#### What to do:
Please repeat each line from the one holding "Our Raglans are" through the final line of the data, exactly as it stands, with no pictures.

#### Exercise material:
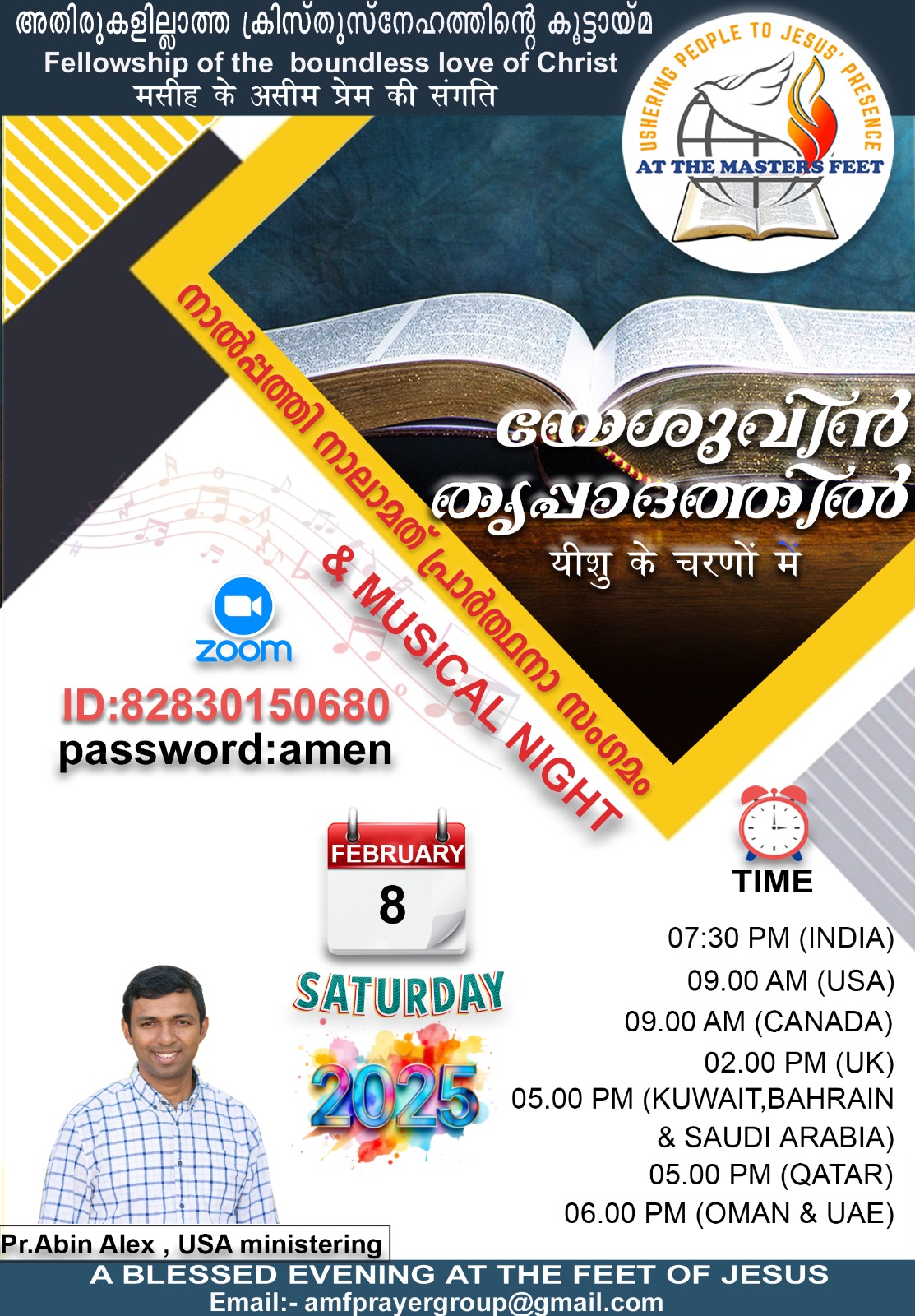പ്രസിദ്ധ ക്രൈസ്തവ ഗായകനായ പാസ്റ്റർ. എബിൻ അലക്സ്, USA നയിക്കുന്ന സംഗീത ശുശ്രൂഷയും,തൻറെ അനുഭവങ്ങളും മുഖ്യ സന്ദേശവും നൽകുന്നു. 2021 ജൂലൈ മുതൽ ആരംഭിച്ച യേശുവിൻ തൃപ്പാദത്തിൽ സൂം മീഡിയയിലൂടെ സംഘടിപ്പിച്ചുവരുന്നത്. മുടക്കം കൂടാതെ എല്ലാ മാസങ്ങളിലും നടന്നുവരുന്ന ഈ പ്രോഗ്രാമിലൂടെ ലോകമെമ്പാടുമുള്ള മലയാളികൾ ക്രിസ്തുവിനെ അറിയുവാൻ ഒരു മുഖാന്തിരമായി ഇതിന്റെ പ്രവർത്തനങ്ങൾ നടന്നു വരുന്നു.
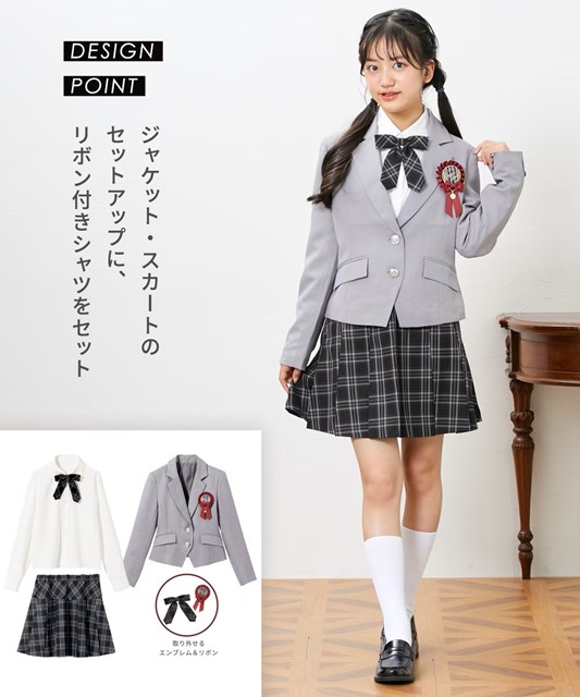 ・取り外し可能のリボンタイやエンブレムでかわいさも演出
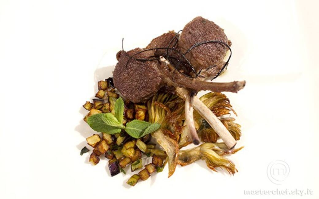 Mettere le verdure nel piatto, quindi appoggiarci sopra il carré. Guarnire con i cappellini di melanzana fritti.
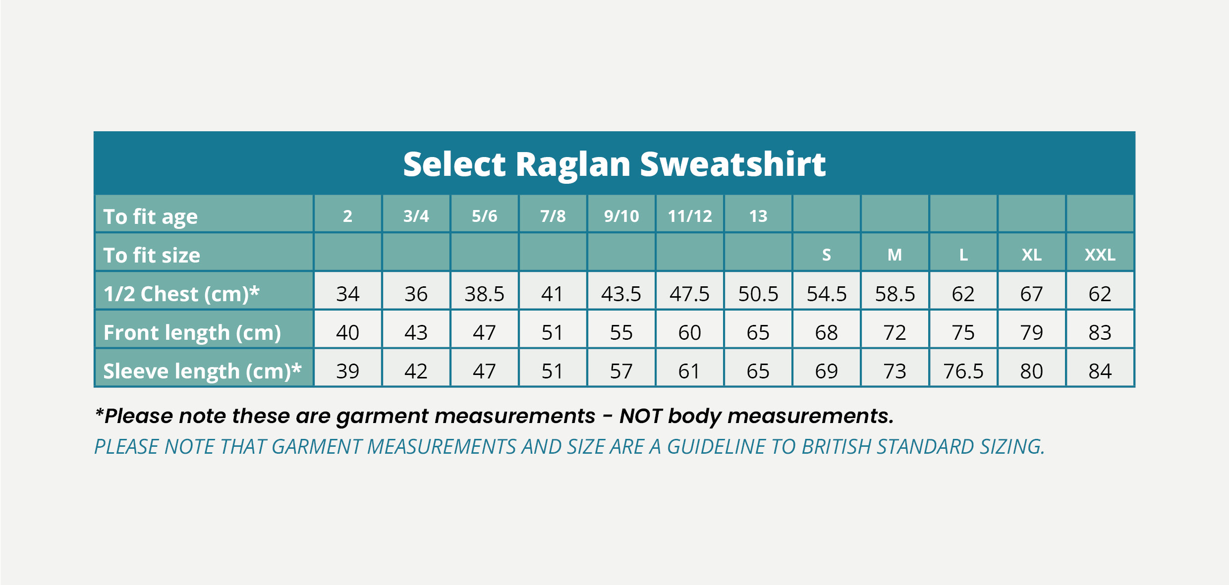 Our Raglans are made from 65% Cotton and 35% Polyester, featuring a crew neck and ribbed welt and cuffs
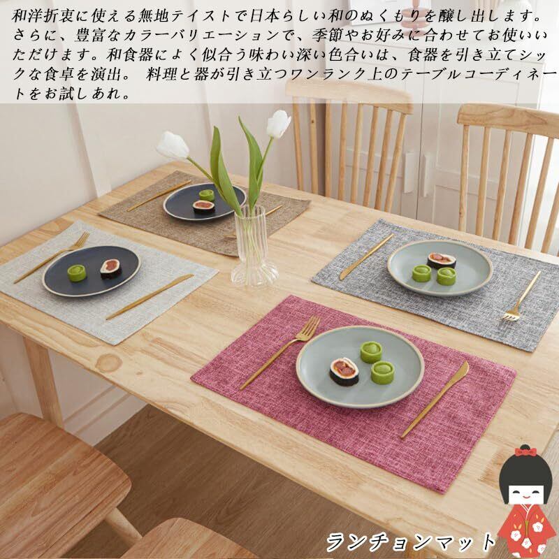 【様々な場所で活躍】ランチョンマットはレストランだけではなく、キッチン、部屋、食堂、ホテル、幼稚園、家庭食事マットなどの場所も使うことができます。ご注意:配送の都合上、折りたたみ状態で配送いたします。それにより折り目が付いている場合がありますが、時間経過と共に消えていきます。お気になる場合は低温でアイロンをかけていただくとより効果的です。
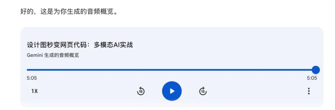 我看到还有一个"音频概览"功能,它可以将文本转化为可听的简报,解放双眼。我试了一下,他给我生成了一个5分钟的访谈播客。音频里面一男一女,纯正的普通话,一问一答,语气自然。哇,我只能用"666"来形容了。

#### Solution to this task:
 Our Raglans are made from 65% Cotton and 35% Polyester, featuring a crew neck and ribbed welt and cuffs
 【様々な場所で活躍】ランチョンマットはレストランだけではなく、キッチン、部屋、食堂、ホテル、幼稚園、家庭食事マットなどの場所も使うことができます。ご注意:配送の都合上、折りたたみ状態で配送いたします。それにより折り目が付いている場合がありますが、時間経過と共に消えていきます。お気になる場合は低温でアイロンをかけていただくとより効果的です。
 我看到还有一个"音频概览"功能,它可以将文本转化为可听的简报,解放双眼。我试了一下,他给我生成了一个5分钟的访谈播客。音频里面一男一女,纯正的普通话,一问一答,语气自然。哇,我只能用"666"来形容了。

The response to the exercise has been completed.